Семилетняя Лизанька Ртищева от удивления приоткрыла рот, прекратив ненадолго истерику. Единственная и поздняя дочка коллежского советника не терпела запретов, а сегодня родители отказались взять ее с собой в цирк, оставив на попечение гувернантки Елены Платоновны, незамужней девицы тридцати семи лет, которая, несмотря на от природы незлобивый нрав, в тот вечер с трудом преодолевала желание удавить свою воспитанницу.
Елена Платоновна чеканным шагом подошла к окну и выглянула на улицу. По дороге, шатаясь, бежал Тришка – известный в городе забулдыга. Грязный и оборванный, с окровавленным лицом, он размахивал руками над головой, точно свихнувшийся пророк, и орал дурным голосом:
– Бешеный слон! Спасайся кто может!
Досадливо фыркнув, Елена Платоновна задернула штору – чего не помстится дураку с пьяных глаз! – и противостояние возобновилось.
– Лизавета Сергеевна, душечка, успокойтесь Христа ради! Будто вас убивают! – увещевала она, таща визжащую и брыкающуюся барышню к столу.
– Пусти, пусти, гадкая! – верещала девочка. – Не хочу за стол! В цирк хочу-у-у!
Между тем цирк сам уже шел к Лизаньке. Господин Элефант, проходя по улице, услыхал детский визг, доносившийся из окна дома Ртищевых. Ярость снова овладела гигантом.
Ведь он не забывал ничего.
Он помнил, как маленьким слоненком спасался от сыновей офицера-плантатора, которые, вот так же визжа, гоняли его по саду, норовя выткнуть глаз самодельными копьями.
Он помнил, как сам офицер, отринувший при виде потоптанных цветников хваленое британское хладнокровие, остервенело колотил его палкой.
Жажда мести вспыхнула в нем с новой силой.
Между тем барышня с гувернанткой заключили мирное соглашение. Лизанька согласилась сесть за стол, но только в компании всех своих кукол. Теперь она накладывала себе в чай варенья из блюдечка, жалобясь фарфоровым подружкам на глупых взрослых. Елена Платоновна облегченно вздохнула и на мгновение прикрыла глаза.
Именно поэтому она не увидела, как в окне возник огромный темный силуэт.

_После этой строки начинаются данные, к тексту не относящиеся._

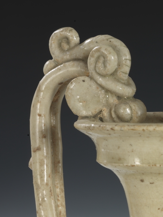 天津博物馆藏有的隋白釉双龙柄连腹传瓶,瓶高18.5厘米 ,口径5.2厘米 ,底径2.5厘米, 腹径11厘米。盘口,单颈,双腹相连,连接处有两个环形系。肩左右两侧各塑一条修长的龙形柄,龙头探入瓶口内,似在贪婪地吸吮着瓶中的玉液琼浆。双龙柄为手工捏塑而成,手法简单干练,形象却生动逼真。双平底刻有铭文:“此传瓶,有並。”由此得知,这个瓶子的名称应为传瓶。“有並”又作何解呢?可以理解为此瓶瓶身双腹相连,也可理解为此瓶成双。相同造型的瓶子还有一件珍藏于国家博物馆,与天津博物馆所藏瓷瓶尺寸相若,国博那件出土于隋李静训墓,然而却无刻款,因此天博这件更显珍贵,瓶子本身透露的信息更具有直观的说服力。这件传瓶,造型新颖别致,既具北朝和隋代瓷器所特有的浑厚凝重,又不乏灵秀活泼,其线条刚柔相济,是隋代创新的器型,代表了当时白瓷制作的最高工艺水平,成为隋代稀有的瓷酒器精品。
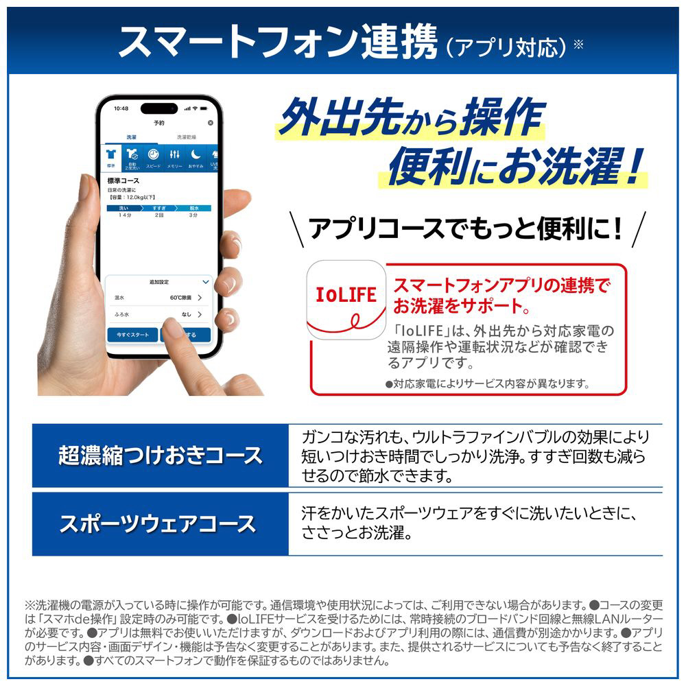 抗菌ウルトラファインバブル洗浄EX、液体洗剤・柔軟剤自動投入、スマートフォン連携を新搭載、清潔機能充実のハイスペックモデル。
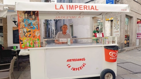 Más de medio siglo, que se dice pronto, lleva Manolo Prieto con su locomotora de castañas en los meses fríos y su carrito de helados caseros cuando aflora la primavera en el corazón de Santiago de Compostela (Galicia), en ese triángulo lleno de vida y trasiego de gentes entre el parque de la Alameda, Porta Faxeira y la praza do Toural. En tiempos de Starbucks, McFlurry y prisa, el suyo es de esos oficios que aún resisten, un símbolo de paciencia, buen producto y saber ancestral.
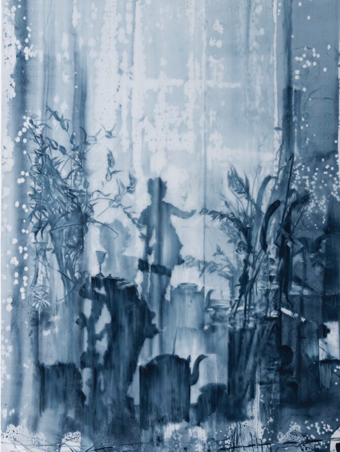 En su obra reciente, Vaquero vuelve a la idea del color como una superficie inestable. Grandes fondos de tonos fragmentados —azules, dorados— se convierten en protagonistas, en campos de energía donde los objetos se fragmentan y revelan su inmaterialidad. La pintura es accidente, rectificación, gesto deliberado, huella del tiempo sobre la materia.

Стекло брызнуло градом осколков. Порыв ветра взметнул к потолку тюлевые занавески. На глазах пораженной ужасом гувернантки что-то огромное, серое, страшное, похожее на изборожденную трещинами исполинскую змею, ворвалось в окно, обвило Лизаньку за талию и унесло с собой, прежде чем последние осколки осыпались на подоконник. Туфелька, слетевшая с детской ноги, брякнулась на стол, опрокинув чашку и расколов блюдечко. Варенье расплылось на скатерти багровой лужицей. На мгновение воцарилась тишина, а потом ее расколол мучительный детский крик, тут же прерванный глухим ударом. И раздался рев – трубный, визгливый, исполненный неистовой ярости… Елена Платоновна почувствовала, как пол уходит у нее из-под ног, а сама она летит куда-то вниз, вниз…
Очнулась она на полу и сразу уставилась в зияющий проем окна, пытаясь сообразить, что же произошло. Наконец, дрожа точно в лихорадке, она сумела подняться на ноги, шатаясь, подлетела к окну, ухватилась за раму с обеих сторон, не обращая внимания, что осколки стекла режут пальцы, и выглянула наружу.
Там, в палисаднике, выглядевшем так, словно по нему прошелся ураган, среди растоптанных в пеструю кашу цветов лежала бесформенная куча тряпья и измочаленной плоти, из которой торчали обломки костей…
Долго смотрела Елена Платоновна, не в силах осознать, принять, смириться.
Куклы таращили на нее осуждающие стеклянные глаза.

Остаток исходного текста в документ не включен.